### Instructions to follow
Repeat every line of the listing below exactly, minus the pictures.

--- Data block ---

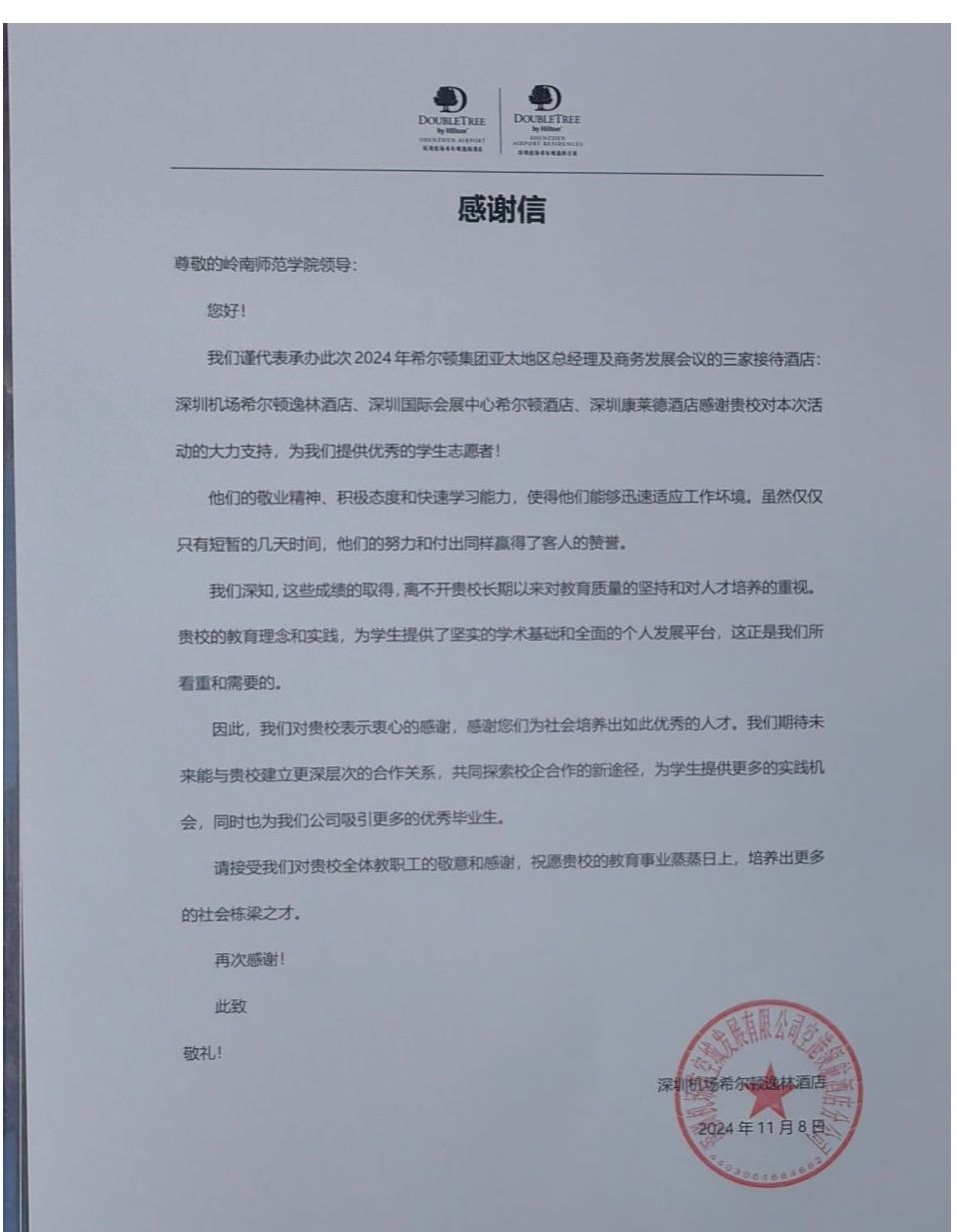 为更好地保障2024年希尔顿集团亚太地区酒店总经理及商务发展会议服务工作,搭建校企合作学生实践能力锻炼平台,20241030-119日,岭南师范学院食品科学与工程学院烹饪与营养教育专业一共42名学生前往深圳机场希尔顿逸林酒店、深圳康莱德酒店、深圳国际会展中心希尔顿酒店担任希尔顿国际会议的志愿者,全程协助做好大会的有关服务保障工作。
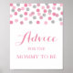 Utilisez nos conseils de pois de parties scintillant rose et argent pour que la maman signe pour informer les invités de remplir leur conseil pour la nouvelle maman. Vous pouvez facilement changer le libellé en "nouveaux parents" ou tout autre chose que vous préféreriez avant d'ajouter l'annonce à votre panier. N'oubliez pas de chercher nos cartes de conseils de coordination et d'autres articles de baby shower en jetant un oeil à notre collection de points de parties scintillant polka.
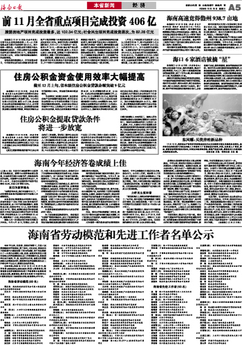 海南日报 本省新闻 005 2009-12-161 2009年12月16日 星期三

---

### Exercise solution
 为更好地保障2024年希尔顿集团亚太地区酒店总经理及商务发展会议服务工作,搭建校企合作学生实践能力锻炼平台,20241030-119日,岭南师范学院食品科学与工程学院烹饪与营养教育专业一共42名学生前往深圳机场希尔顿逸林酒店、深圳康莱德酒店、深圳国际会展中心希尔顿酒店担任希尔顿国际会议的志愿者,全程协助做好大会的有关服务保障工作。
 Utilisez nos conseils de pois de parties scintillant rose et argent pour que la maman signe pour informer les invités de remplir leur conseil pour la nouvelle maman. Vous pouvez facilement changer le libellé en "nouveaux parents" ou tout autre chose que vous préféreriez avant d'ajouter l'annonce à votre panier. N'oubliez pas de chercher nos cartes de conseils de coordination et d'autres articles de baby shower en jetant un oeil à notre collection de points de parties scintillant polka.
 海南日报 本省新闻 005 2009-12-161 2009年12月16日 星期三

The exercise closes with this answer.